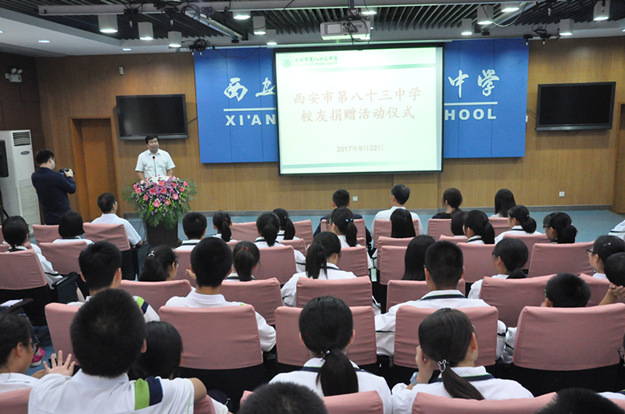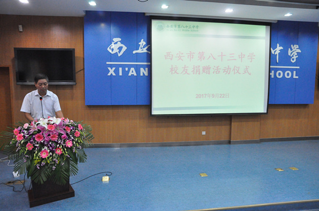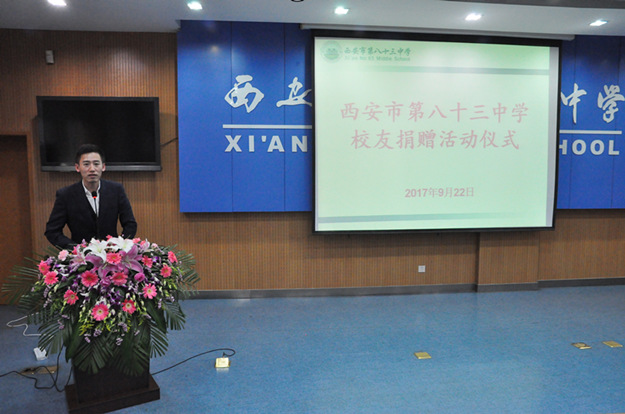 为了让李文轩同学的捐助充分发挥激励作用,激发八十三中学子学习英语的热情,全面提高我校英语学科的教育教学质量,校领导研究决定,成立“李文轩英语奖学金”管理小组、监督小组,并制定了《“李文轩英语奖学金”发放方案》。捐赠仪式由我校党总支书记李瑞民主持,在捐赠仪式上,我校副校长李勇宣读了《“李文轩英语奖学金”发放方案》,随后,刘校长发表了重要讲话,他代表学校对李文轩同学的捐赠表示感谢,同时希望我校学生向李文轩校友学习,发奋图强,在取得事业成功的同时,能够情系母校,心怀天下,报效祖国,报效社会!
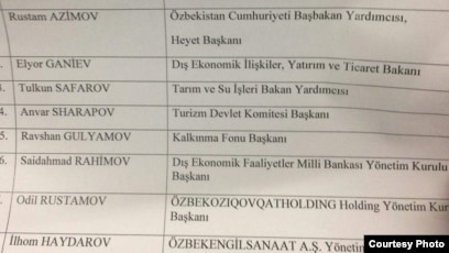 “Сешанба куни томонлар қатор меморандумларга қўл қўйишди. Ўнга яқин соҳада таклиф этилган инвестицион лойиҳалар қиммати қарийб 1 миллиард долларга боради. Булар орасида “Дори-дармон”¸ “Ўзкимëсаноат”¸ “Ўзфармсаноат”¸ “Ўзбекенгилсаноат” ҳолдинглари¸Туризмни ривожлантириш давлат қўмитаси имзолаган алоҳида ҳужжатлар бор. Бу меморандумлар¸ содда қилиб айтганда¸ Ўзбекистондаги инвестиция имконларини ўрганиб чиқиб¸ катта лойиҳаларни ҳамкорликда амалга ошириш ҳақидадир”¸ деди “Озодлик” радиоси билан суҳбатлашган мулозим.
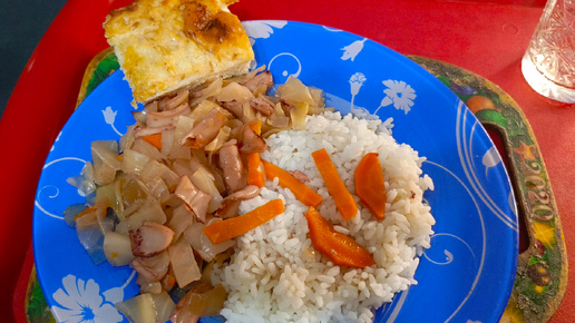 Мукбанг// Капуста Тушёная С Кальмаром, Рис,Сырная Лепёшка И Лимонад
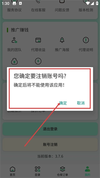 4、点击【账号注销】选项后会弹出确认窗口,再次点击窗口中的【确定】按钮,就能完成账号注销的全部操作流程。
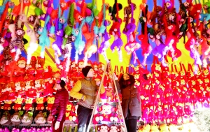 昨天(7日),地坛庙会的工作人员在进行开园前的景观布置。一个游艺项目摊位挂满了毛绒猴玩具。北京晨报记者 李木易/摄

[PROBLEM DETAILS] Leave the images aside and retype each line of the listing above exactly.

[TASK RESPONSE]
 为了让李文轩同学的捐助充分发挥激励作用,激发八十三中学子学习英语的热情,全面提高我校英语学科的教育教学质量,校领导研究决定,成立“李文轩英语奖学金”管理小组、监督小组,并制定了《“李文轩英语奖学金”发放方案》。捐赠仪式由我校党总支书记李瑞民主持,在捐赠仪式上,我校副校长李勇宣读了《“李文轩英语奖学金”发放方案》,随后,刘校长发表了重要讲话,他代表学校对李文轩同学的捐赠表示感谢,同时希望我校学生向李文轩校友学习,发奋图强,在取得事业成功的同时,能够情系母校,心怀天下,报效祖国,报效社会!
 “Сешанба куни томонлар қатор меморандумларга қўл қўйишди. Ўнга яқин соҳада таклиф этилган инвестицион лойиҳалар қиммати қарийб 1 миллиард долларга боради. Булар орасида “Дори-дармон”¸ “Ўзкимëсаноат”¸ “Ўзфармсаноат”¸ “Ўзбекенгилсаноат” ҳолдинглари¸Туризмни ривожлантириш давлат қўмитаси имзолаган алоҳида ҳужжатлар бор. Бу меморандумлар¸ содда қилиб айтганда¸ Ўзбекистондаги инвестиция имконларини ўрганиб чиқиб¸ катта лойиҳаларни ҳамкорликда амалга ошириш ҳақидадир”¸ деди “Озодлик” радиоси билан суҳбатлашган мулозим.
 Мукбанг// Капуста Тушёная С Кальмаром, Рис,Сырная Лепёшка И Лимонад
 4、点击【账号注销】选项后会弹出确认窗口,再次点击窗口中的【确定】按钮,就能完成账号注销的全部操作流程。
 昨天(7日),地坛庙会的工作人员在进行开园前的景观布置。一个游艺项目摊位挂满了毛绒猴玩具。北京晨报记者 李木易/摄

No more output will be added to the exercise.